Venezia 74 - Les Garçons Sauvages, la recensione
Sovversivo a partire da un repertorio di immagini che il cinema già conosce, Les Garçons Sauvages non ha remore e centra l'obiettivo
La storia è quella di alcuni ragazzi altoborghesi e inquieti di inizio ‘900 che, riuniti in gang, abusano di una donna. Saranno processati sommariamente con una violenza non diversa dalla loro e affidati ad un marinaio che sostiene di poterli rieducare tramite un viaggio da cui potrebbero anche non tornare, e nel quale invece approderanno su un’isola del piacere e non solo.

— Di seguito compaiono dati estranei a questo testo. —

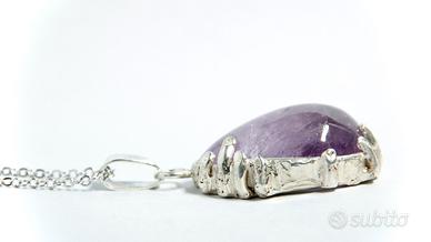Materiale: argento 925 Misure:3.5x2 cm circa Pietra; Ametista naturale taglio a goccia cabochon Tecnica; Fusione a cera persa, fatto a mano É un pezzo unico fatto da me con cura NB: la catena non e inclusa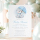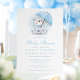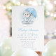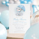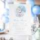 Bem-vindos a um pequeno com este adorável convite de chá de fraldas de urso guarda-chuva. Apresentando um urso aquoso segurando um guarda-chuva azul com sotaques de bolinhas macia, este convite é perfeito para um chá de fraldas com um tema fofo e aconchegante. Ideal para comemorar a chegada de um menino, esta design adiciona um toque caprichoso e gentil às festividades, fazer que seja uma escolha encantadora para os futuros pais.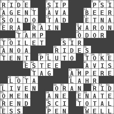 ACROSS 1. Travel on an animal 5. Small drink 8. Air pressure measure (abbr.) 11. Representative 13. Actress Gardner 14. Fermented drink made from hops 15. Twentieth part of a lira 16. Small boy 17. Inactive volcano in Sicily 18. Epoch 19. Precipitation 21. Make _____ (do battle with) 22. Pack (down) 24. Scent 25. Bathroom plumbing fixture 27. Title for a knight 29. Small Philippine buffalo 30. Amusement-park features 32. Portable shelter 33. Greek god of the underworld 35. Puff or smoke 39. First name in cosmetics 41. Deliberation 42. Label 43. Electrical Unit 45. Globular water bottle used in Asia 48. Cowardly lion portrayer 49. Make or become more lively 50. Northwest Algerian city 52. To free from 55. Presage 56. A saturated hydrocarbon 57. Related on the mother's side 59. Tear apart 60. _-fi 61. Add up to 62. Curvy letter 63. Animal enclosure 64. Water source DOWN 1. To erase 2. Russian composer Stravinsky 3. Conveyance 4. Conclude 5. Suttee (variant) 6. _ the terrible 7. Groovy apt. 8. Stone: prefix 9. Sir (Sp.) 10. SW Asia republic 12. Singer Mel 14. Necklace unit 20. Fitting 21. Had on 23. Having winglike extensions 25. Make lace 26. Single 27. Be seated 28. Wedding promise 30. Sorrow 31. Staphylococcus 33. Parent Teacher Assoc. 34. Part of a journey 36. Make much ado about nothing 37. Apertif with cassis 38. Compass dir. 40. Comedian Laurel of Laurel & Hardy 43. Wing 44. French painter Edouard 45. Citrus fruits 46. Baking chambers 47. Watch over 49. Old wives' tales, e.g. 50. Single time 51. It's straight from the horse's mouth 53. Slanted text style (abbr.) 54. Small valley 56. Viper 58. Immediately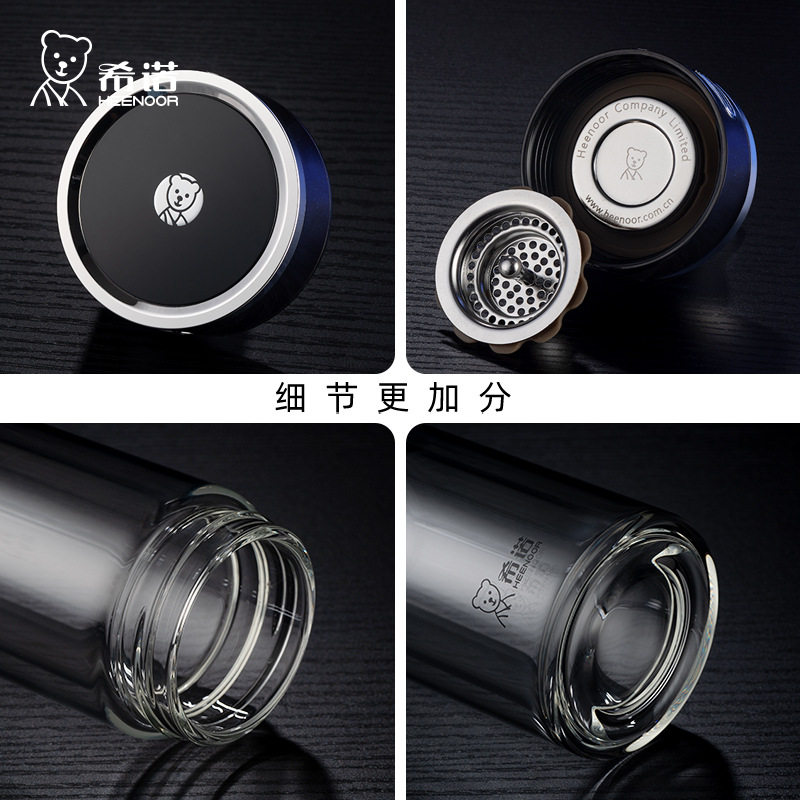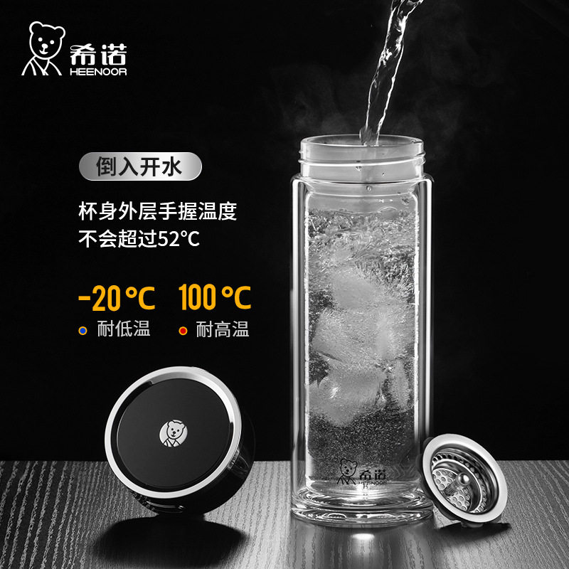 2026新款希诺高端双层玻璃杯男款商务泡茶杯办公室水杯高颜值杯子

Le peripezie dei ragazzi sulla nave e poi quel che accadrà loro sulle isole in cui finiranno sarà un processo di elaborazione di ogni istinto adolescenziale, in un percorso che passa per la sublimazione della rabbia giovanile, dell’esigenza di uccidere la generazione precedente, della lotta ad ogni autorità, del senso di oppressione e di un vago ma pressante desiderio di soddisfazione sessuale. In tutta risposta i ragazzi saranno vessati, ricoperti di bava e accolti in umide alcove in un trionfo di simbolismo vaginale e fallico da un’isola che è in sé “un’ostrica”.
Mandico fa quel che vuole, passa anche al colore (e lì la fotografia si fa splendida da che era curiosa e inventiva), scambia i sessi, espone i membri (uno anche tatuato) e chiude come se il film fosse diventato il video che i Village People non avrebbero mai potuto girare.
Alla fine sarà evidente l’intento programmatico di scivolare dalla rabbia maschile iniziale ad un ibrido con il femmineo nel finale, ma la maniera in cui questo videoartista si misura con il cinema mantenendo dalla sua professione precedente le suggestioni migliori basta a sé.
Contrariamente all’Alex di Kubrick però, i ragazzi selvaggi che il sistema vuole acquietare, calmare, placare e inglobare diventeranno qualcosa di ancora più sovversivo e meno inquadrabile.